2. Dioleskan pada Masalah Kulit Ringan
Sebagian orang tua juga menggunakan ASI untuk dioleskan pada ruam popok ringan, kulit kering, lecet ringan, dermatitis ringan, alias jerawat bayi. Meski bukti ilmiahnya tetap terbatas, beberapa penelitian menunjukkan ASI dapat membantu proses perbaikan kulit pada kondisi ringan.
Namun, ASI bukan pengganti perawatan medis dan hasilnya tidak selalu lebih baik dibandingkan pengobatan nan direkomendasikan dokter.
Jangan Digunakan untuk Mata, Hidung, Telinga, alias Luka
Ada beberapa penggunaan ASI nan justru tidak dianjurkan.
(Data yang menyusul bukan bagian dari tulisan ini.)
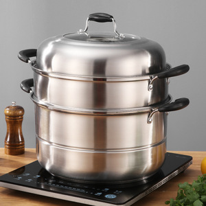 蒸し鍋304ステンレス三層厚手家庭用多機能大容量蒸煮煮込みガス電磁炉ギフト鍋
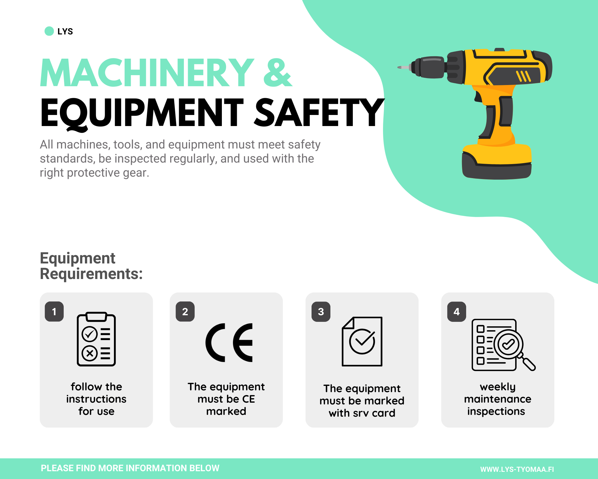 Lue tältä sivulta tarkemmin ajettavien koneiden, nostolaitteiden ja -apuvälineiden, käsikäyttöisten koneiden ja työvälineiden käytöstä.

ASI tidak boleh digunakan untuk luka terbuka, luka bernanah, luka bakar, maupun luka nan berisiko mengalami infeksi.
Selain itu, kebiasaan meneteskan ASI ke mata bayi nan belekan juga tidak direkomendasikan. Setelah diperah dan disimpan, ASI tidak lagi steril sehingga berisiko membawa kuman dan memperburuk infeksi.
ASI juga tidak disarankan digunakan sebagai tetes hidung alias tetes telinga lantaran belum ada bukti ilmiah nan menunjukkan manfaatnya. Sebaliknya, tindakan tersebut justru dapat meningkatkan akibat iritasi alias infeksi.
“Terus juga nggak disarankan untuk jadi tetes hidung alias pun telinga lantaran gak ada manfaatnya dan belum ada bukti ilmiahnya sama sekali,” ujar dr. Aisya.
Jadi, jika ASI perah sudah tidak bisa diminum, tetap ada beberapa langkah untuk memanfaatkannya. Namun, penggunaannya sebaiknya terbatas untuk kebutuhan luar seperti campuran air mandi alias membantu mengatasi iritasi kulit ringan, bukan sebagai obat.